Celebrating Resurrection

Welcome on this beautiful day, a celebration of resurrection, new life, and new beginning. It is Easter Sunday, and is also the second day of Passover, which started on April 15 and continues through April 23. Both these holy festivals give us assurances of renewal, delivery from exile and death, transformation and hope. We are also in the midst of Ramadan, a holy period for Muslims worldwide. It is wonderful that the three Abrahamic faith traditions all observe this time as holy – what good energy must flow from that.

Perhaps as you did, I grew up learning that Jesus was very different from me and from all of us. I learned that he was born divine, lived a perfect life, was sacrificed on the cross for my sins, and was raised up to eternal life, guaranteeing me eternal life if I believed in him. The Jesus I learned about was the exception to the all-too-human experience that is, well, the rest of us.

Other than believe, I wasn’t sure what all there was for me to do. Jesus had done all the heavy lifting. In the traditional Easter hymn Christ the Lord is Risen today, what did Charles Wesley write? Love’s redeeming work is done. Fought the fight, the battle won.

Good news! The battle is won, and I didn’t have to do much. Actually, I didn’t have to do anything but believe.

However, I could look around and see there was a great deal left to do.  We do that today; when we see the news it surely doesn’t appear that the battle has been won. This past year has shown us so starkly all the work that is left to do, to mend and heal a world so divided and in which so many suffer.

Back then, the same was true. Nothing looked like we could sit back and congratulate ourselves on a world we had put into such wonderful order. So I came to doubt the Easter story I learned. I wondered at an all-powerful God who would require the sacrifice of his son as a perfect offering . . . to himself. I didn’t understand a theology that elevated this death as a sacred atonement for sins somehow assigned to me, and to each of us. These teachings did not align with what I felt in my heart to be true – a God of love, and a creation that is good, including me.  

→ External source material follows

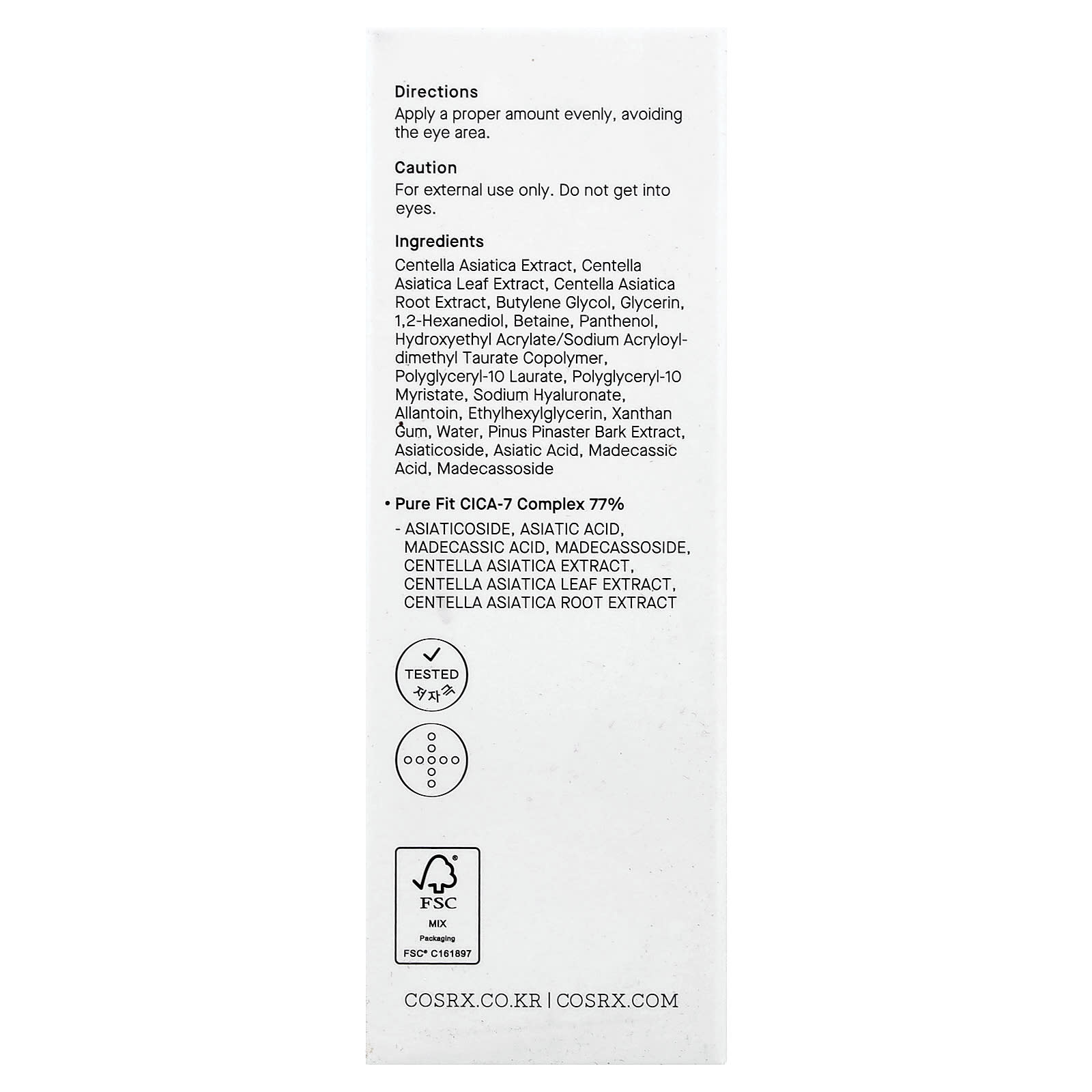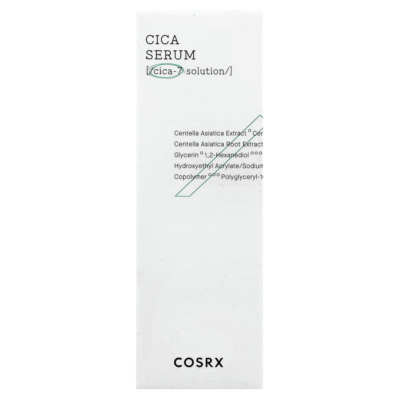 Экстракт готу колы (Centella asiatica), экстракт листьев готу колы (Centella asiatica), экстракт корня готу колы (Centella asiatica), бутиленгликоль, глицерин, 1,2-гександиол, бетаин, пантенол, гидроксиэтил акрилат/натрия акрилоилдиметилтаурата сополимер, полиглицерил-10 миристат, гиалуронат натрия, аллантоин, этилгексилглицерин, ксантановая камедь, вода, экстракт коры хвои сосны приморской (Pinus pinaster), азиатикозид, азиатиковая кислота, мадекассовая кислота, мадекассосид.

So I put aside those Easter stories as relics of childhood.

However, I continued to read the Hebrew and Christian scriptures. Not as history, but as story, poetry, metaphor. I could feel the passion and wonder of so many writers as they tried to articulate the stories of God’s involvement in the developing life of the Jewish people. I read in the Christian scriptures stories of the life, teachings, works, and death of the mystic healer and revolutionary who was Jesus. I didn’t need to accept a literal understanding of these stories to be inspired by them. For me, the reverse was true – once I released the bonds of historicity, of literalism, there was no limit to where the scripture and the stories could take me.

When I learned to do that, the richness that is these scriptures opened up. They showed me how much the story of Jesus, including his death and resurrection, is so much more than a story of afterlife salvation. Instead, it is the story of a new, living covenant – an invitation to new relationship right now with God and with each other, which I increasingly suspect is the same thing. Indeed, Jesus is teaching us that this new covenant with God comes alive when we enter into a new covenant with each other. That, for me, is the invitation of Easter. We don’t have to wait for the kingdom of God. Actually, if we think we do, we risk walking right past it in the midst of our ordinary days.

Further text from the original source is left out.